Will DedCon run on my computer?

If your computer is a x86 running Windows or Linux or a Mac running OSX Tiger or anything that can emulate one of those, then yes.

How do you know? I haven't even told you my system specs!

DedCon is a very simple program that neither has to do a lot of calculation or take up a lot of memory or network bandwidth. You can expect it to use

  • about 3 - 5 MHz worth of CPU power per connected client (spectators and players count)
  • about 700 bytes of network bandwith per connected client, more for those who come in late, but you're free to put a cap on the bandwidth use
  • about 10 Mbytes of main memory per hour the game is running, which can be virtual memory without significant performance penalty.

The test servers run on a 266 MHz Pentium MMX with 128 Mbyte memory in debug mode with full network logging enabled inside a debugger and only occasionally manage to use up more than 20% of that CPU together (those occasions being new spectators joining).

I'm completely lost, how do I run a server?

Check the documentation section here, perhaps there is something that helps you.

Would it be possible to <something with player scores> automatically?

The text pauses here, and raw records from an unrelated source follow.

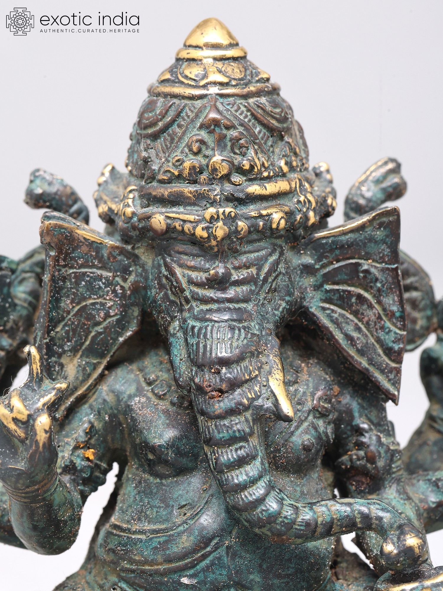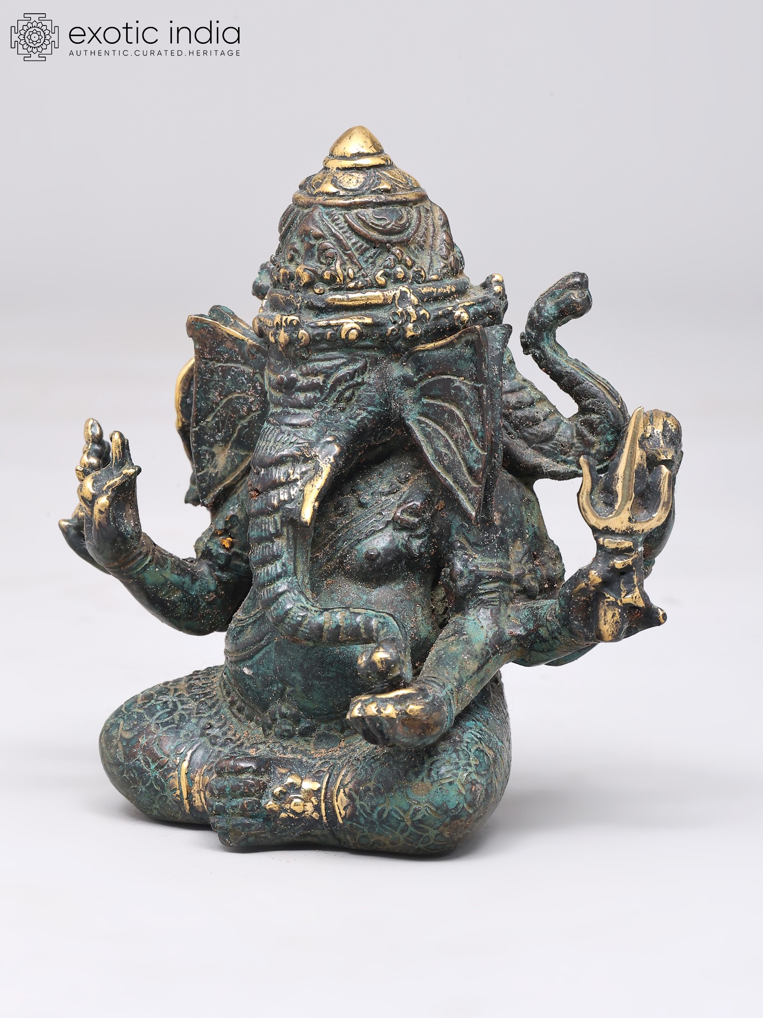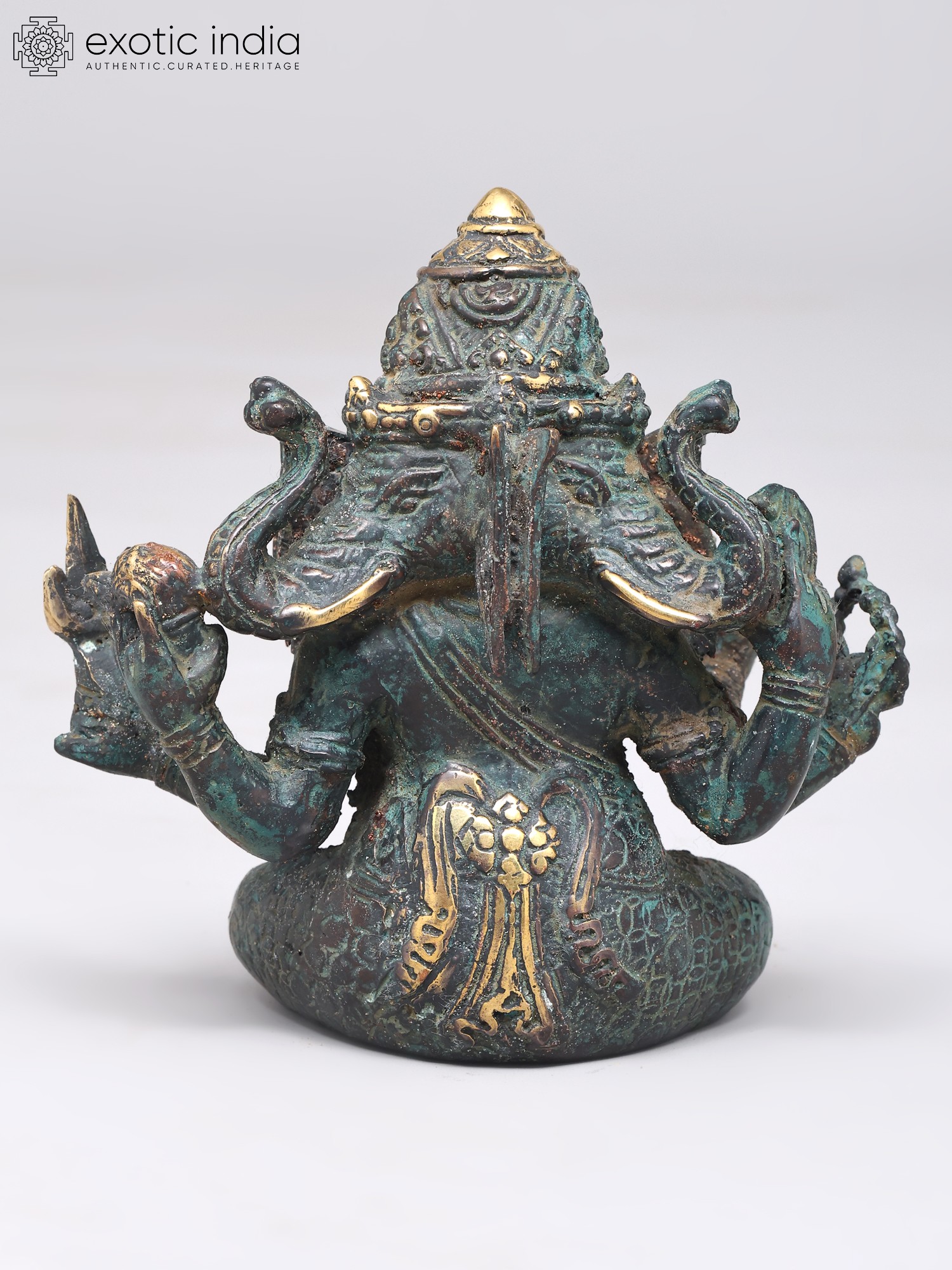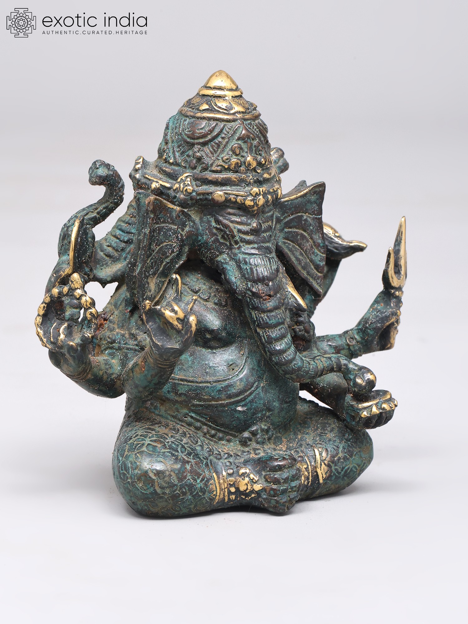 7" Superfine Chaturbhuja Lord Ganapati Seated on Lotus with Wood Base | Brass Sculpture
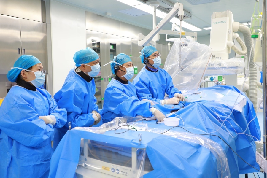 手术由复星医疗集团心血管技术总监、佛山复星禅诚医院大内科主任彭宇程教授和上海交通大学医学院附属瑞金医院许建忠教授共同实施。“肾动脉交感神经射频消融术(RDN)作为一种治疗高血压的创新微创介入治疗方式,通过射频能量对分布于肾动脉外的交感神经进行消融,在一定程度上阻断大脑与交感神经之间的信号传导,从而降低高血压患者过于活跃的交感神经兴奋性。”彭宇程介绍,RDN专用导管从患者的大腿根部股动脉进入到肾动脉合适的位置,开展电射频消融治疗,整个手术不在体内留下任何植入物,且创伤小。
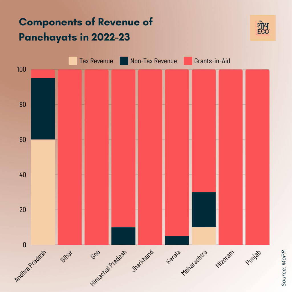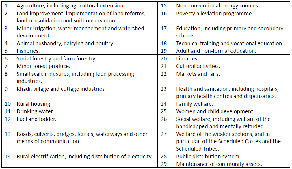 In 1992, the 73rd amendment introduced 29 subjects for which Panchayats were entrusted with the responsibility of devising and executing plans aimed at fostering local economic development and social justice. However, the PRIs ability to workout these responsibilities depends on their limited financial resources. Following info-graph shows the sources of revenue for Panchayats.
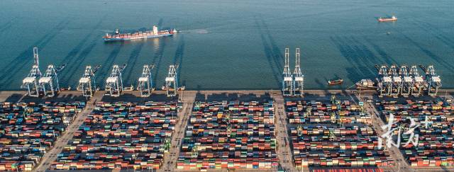 2023年,廣東自貿試驗區國際班輪航線達366條;集裝箱吞吐量3295萬標箱,貨物吞吐量5.1億噸,分別占全省45.7%和23.2%。
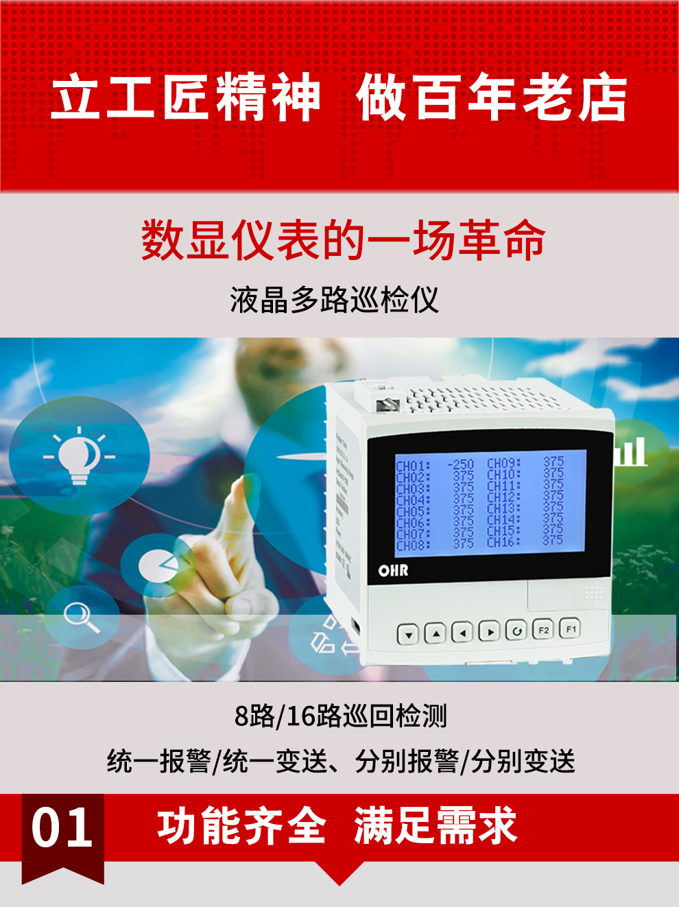 OHR-G700系列液晶多回路測量顯示控制儀針對現場溫度、壓力、液位、速度等各種信號進行采集、顯示、控制、遠傳、通訊、打印等處理。
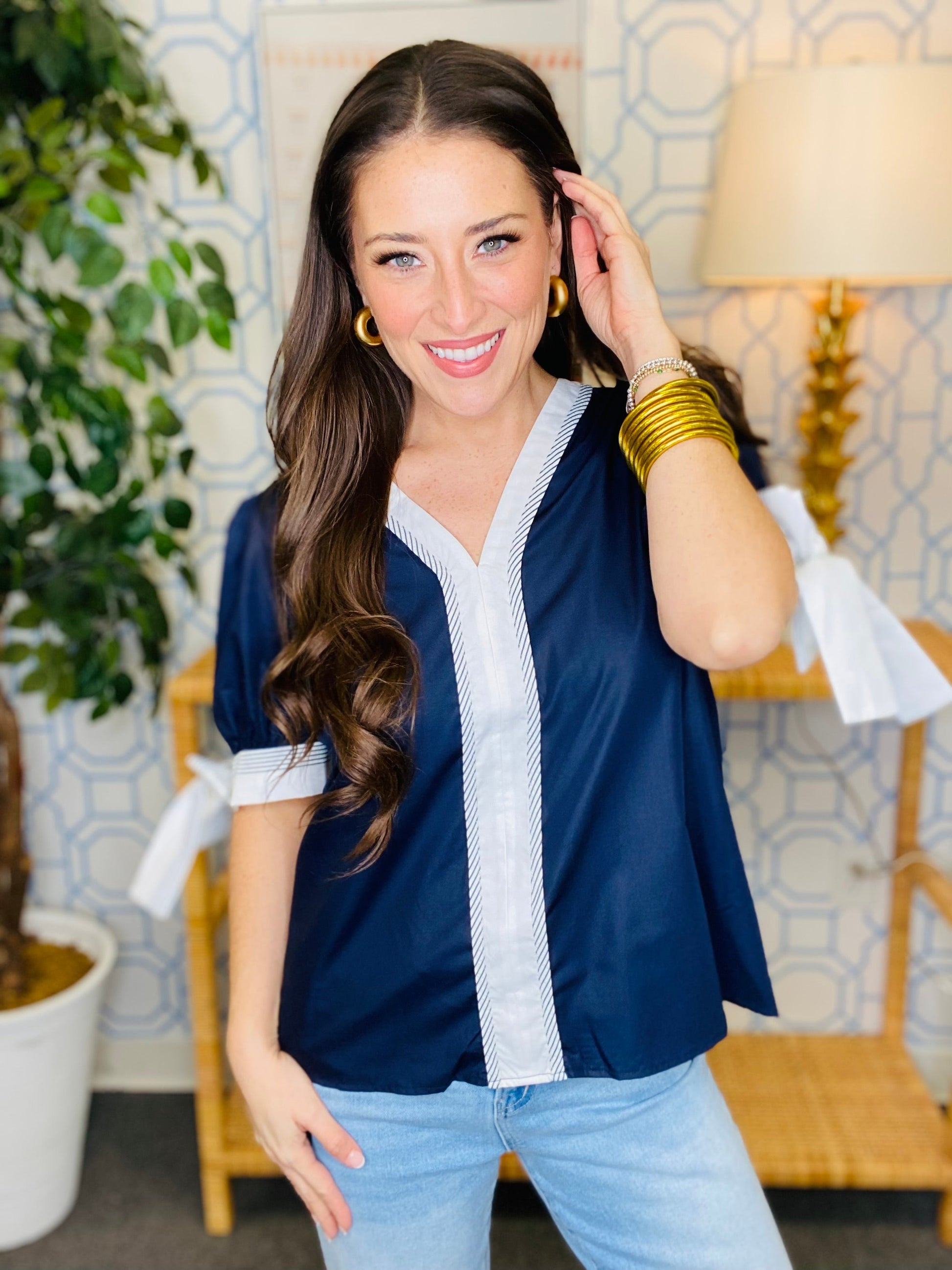 Halley (model pictured) is a size 4, small in tops, size 3/26 in bottoms, 5'2" and wears a small in this top.
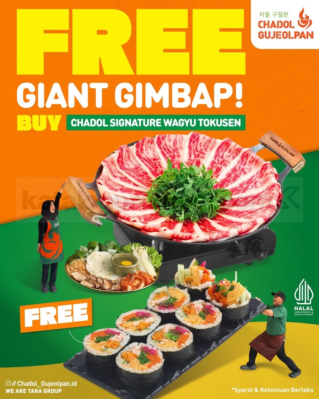 Promo Chadol Gujeolpan Buy 1 Get 1 Free tetap jalan walaupun kondisi lagi chaos plus tanggal tua kayak gini 😉❤️. Lewat promo ini, pengunjung bisa menikmati Chadol Signature Wagyu Tokusen dan langsung mendapatkan Giant Gimbap tanpa biaya tambahan dalam satu kali transaksi makan di tempat.
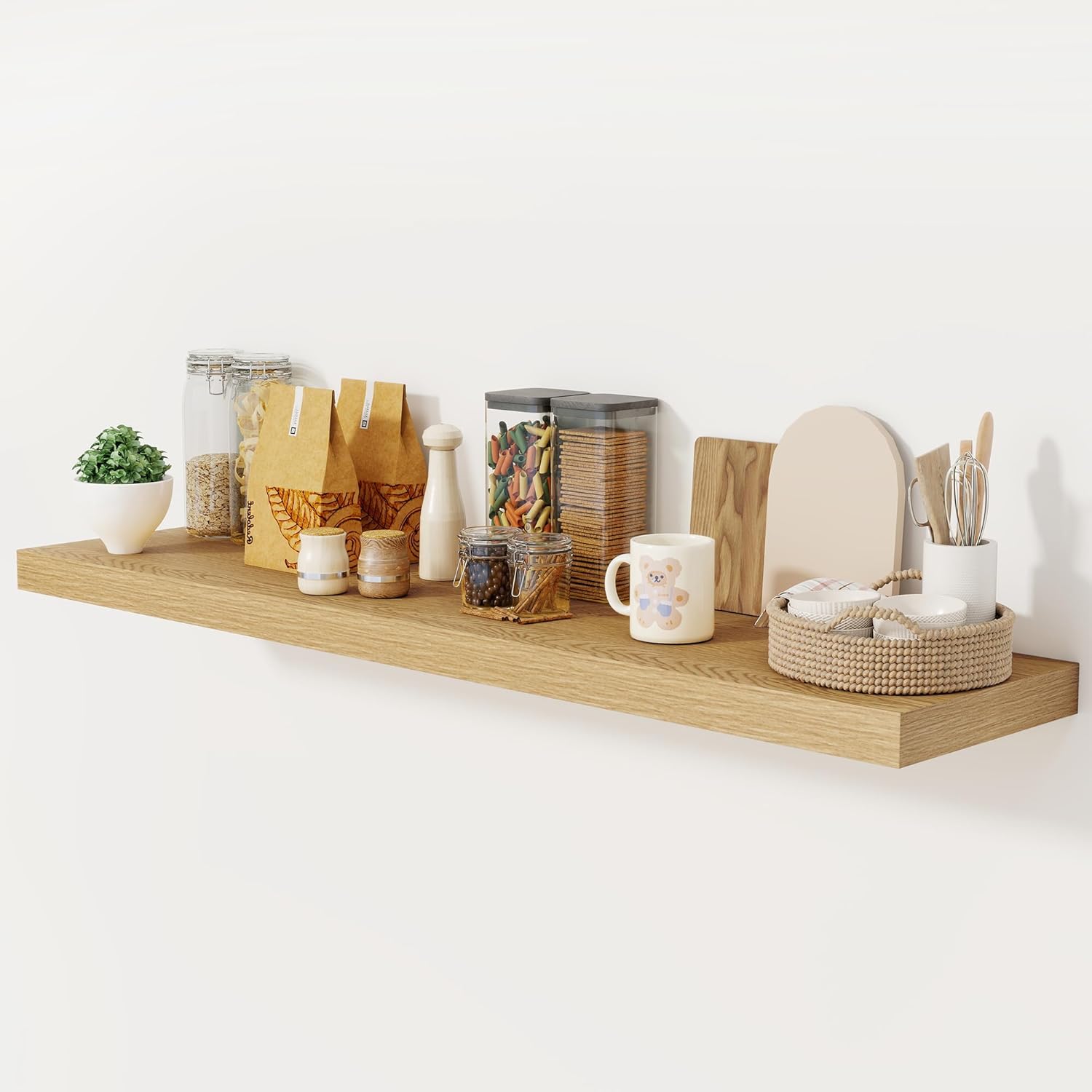 Fun Memories 55 Inch Floating Shelves, 12 Inch Deep Floating Shelf for Wall, 55 x 12 Large Floating Shelves for Fireplace Mantel, 2 Inch Thick Wall Shelf for Living Room, Bedroom, Oak Color, 1 Pack

No, unfortunately not. Defcon's network model is a "fat client" model where the server only serves as a relay between the clients, collecting player input from them and distributing it to the other clients. The server has almost zero knowledge of the game state (see here for what it can possibly know) and certainly does not know about player scores. Getting the scores from the clients would be technically possible, but is not currently part of the protocol. Getting the scores from the players manually is possible and has been implemented; if the players enter their own scores with /setscore and sign them with /signscore, they are logged for suitable tools to process.

I've got a great idea what you could implement, what should I do?

Read this; the link to actually submit the request is at the bottom.

I've found a bug, what do I do?

Report it here, please.

I've found a .dcrec file on the net, what are those and what do I do with them?

They are game recordings. To play them back, you first need to install  DedCon. Windows users then just have to doubleclick on the .dcrec file to play it back. Linux and OSX users have to invoke the dedcon program with the "-l" command line switch, followed by the filename of the recording. This starts a server that advertises itself with zero available player slots; join it with your DEFCON client to watch the playback.

Game recordings? How do I produce them myself?

Well, the fist step is that you need to use  DedCon to host the games you want to record. The second step is that you put

Record name_of_recording_file.dcrec

in your configuration file. When the server exits regularly (do not abort it!), it will write the game recording to that file.

How big do game recordings get?

That depends on the number of players, the real time the game is taking, and the activity level of the players. Expect about one kilobyte (that means, plan for two) per average player per minute. To a lesser extent, chatty spectators can also increase the size. Recordings compress rather well, if you archive them, you can expect the size to go down by a factor of 5. A full six player game with default world scale and game speed usually stays below 100 kb compressed, a duel below 40 kb. Several of them fit on those rectangular things people used to store data on, whatwastheirname, ah, floppies.